Transcribe the data that follows without changing a word, and omit the pictures.

BEGIN EXERCISE MATERIALS

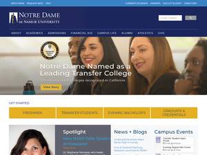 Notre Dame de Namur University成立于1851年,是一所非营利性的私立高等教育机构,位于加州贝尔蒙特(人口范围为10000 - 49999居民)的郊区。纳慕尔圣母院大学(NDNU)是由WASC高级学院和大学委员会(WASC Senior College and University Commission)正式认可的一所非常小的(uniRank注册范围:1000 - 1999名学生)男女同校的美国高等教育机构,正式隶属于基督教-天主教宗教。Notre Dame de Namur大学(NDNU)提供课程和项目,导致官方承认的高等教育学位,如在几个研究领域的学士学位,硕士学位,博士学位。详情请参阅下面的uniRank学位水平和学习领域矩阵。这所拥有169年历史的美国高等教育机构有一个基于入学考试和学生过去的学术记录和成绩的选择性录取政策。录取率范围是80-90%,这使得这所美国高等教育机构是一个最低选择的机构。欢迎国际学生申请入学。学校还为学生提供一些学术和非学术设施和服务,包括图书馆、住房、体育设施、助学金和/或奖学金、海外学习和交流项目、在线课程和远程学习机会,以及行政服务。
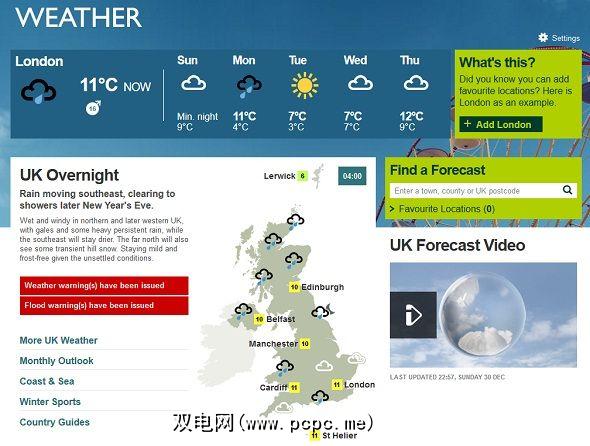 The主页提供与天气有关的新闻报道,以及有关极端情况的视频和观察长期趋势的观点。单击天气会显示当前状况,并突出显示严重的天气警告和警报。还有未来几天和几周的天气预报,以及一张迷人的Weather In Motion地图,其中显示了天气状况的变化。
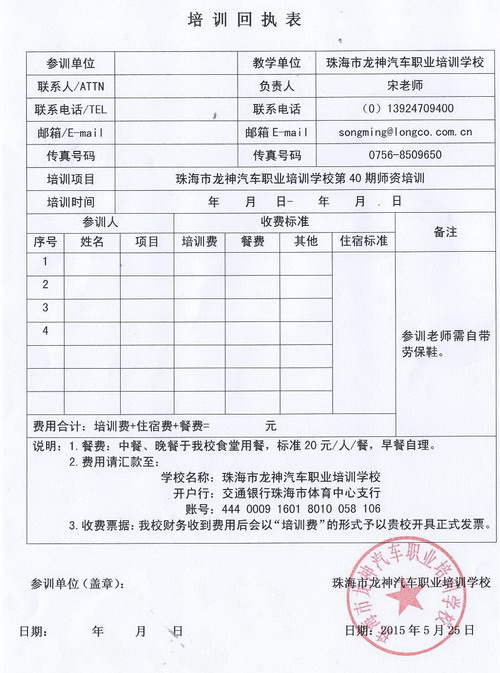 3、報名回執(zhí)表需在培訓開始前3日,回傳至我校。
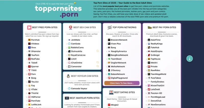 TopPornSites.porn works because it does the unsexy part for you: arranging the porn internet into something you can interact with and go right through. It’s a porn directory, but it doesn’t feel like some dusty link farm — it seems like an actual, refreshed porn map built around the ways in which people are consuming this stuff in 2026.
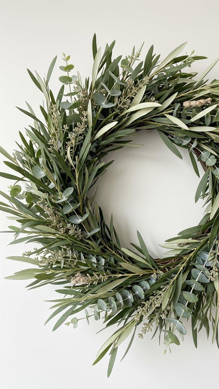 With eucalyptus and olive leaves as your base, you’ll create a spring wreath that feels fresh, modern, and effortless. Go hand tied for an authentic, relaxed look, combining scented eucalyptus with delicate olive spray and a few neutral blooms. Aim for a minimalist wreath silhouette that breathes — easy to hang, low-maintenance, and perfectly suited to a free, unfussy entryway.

END EXERCISE MATERIALS

TASK SOLUTION |
 Notre Dame de Namur University成立于1851年,是一所非营利性的私立高等教育机构,位于加州贝尔蒙特(人口范围为10000 - 49999居民)的郊区。纳慕尔圣母院大学(NDNU)是由WASC高级学院和大学委员会(WASC Senior College and University Commission)正式认可的一所非常小的(uniRank注册范围:1000 - 1999名学生)男女同校的美国高等教育机构,正式隶属于基督教-天主教宗教。Notre Dame de Namur大学(NDNU)提供课程和项目,导致官方承认的高等教育学位,如在几个研究领域的学士学位,硕士学位,博士学位。详情请参阅下面的uniRank学位水平和学习领域矩阵。这所拥有169年历史的美国高等教育机构有一个基于入学考试和学生过去的学术记录和成绩的选择性录取政策。录取率范围是80-90%,这使得这所美国高等教育机构是一个最低选择的机构。欢迎国际学生申请入学。学校还为学生提供一些学术和非学术设施和服务,包括图书馆、住房、体育设施、助学金和/或奖学金、海外学习和交流项目、在线课程和远程学习机会,以及行政服务。
 The主页提供与天气有关的新闻报道,以及有关极端情况的视频和观察长期趋势的观点。单击天气会显示当前状况,并突出显示严重的天气警告和警报。还有未来几天和几周的天气预报,以及一张迷人的Weather In Motion地图,其中显示了天气状况的变化。
 3、報名回執(zhí)表需在培訓開始前3日,回傳至我校。
 TopPornSites.porn works because it does the unsexy part for you: arranging the porn internet into something you can interact with and go right through. It’s a porn directory, but it doesn’t feel like some dusty link farm — it seems like an actual, refreshed porn map built around the ways in which people are consuming this stuff in 2026.
 With eucalyptus and olive leaves as your base, you’ll create a spring wreath that feels fresh, modern, and effortless. Go hand tied for an authentic, relaxed look, combining scented eucalyptus with delicate olive spray and a few neutral blooms. Aim for a minimalist wreath silhouette that breathes — easy to hang, low-maintenance, and perfectly suited to a free, unfussy entryway.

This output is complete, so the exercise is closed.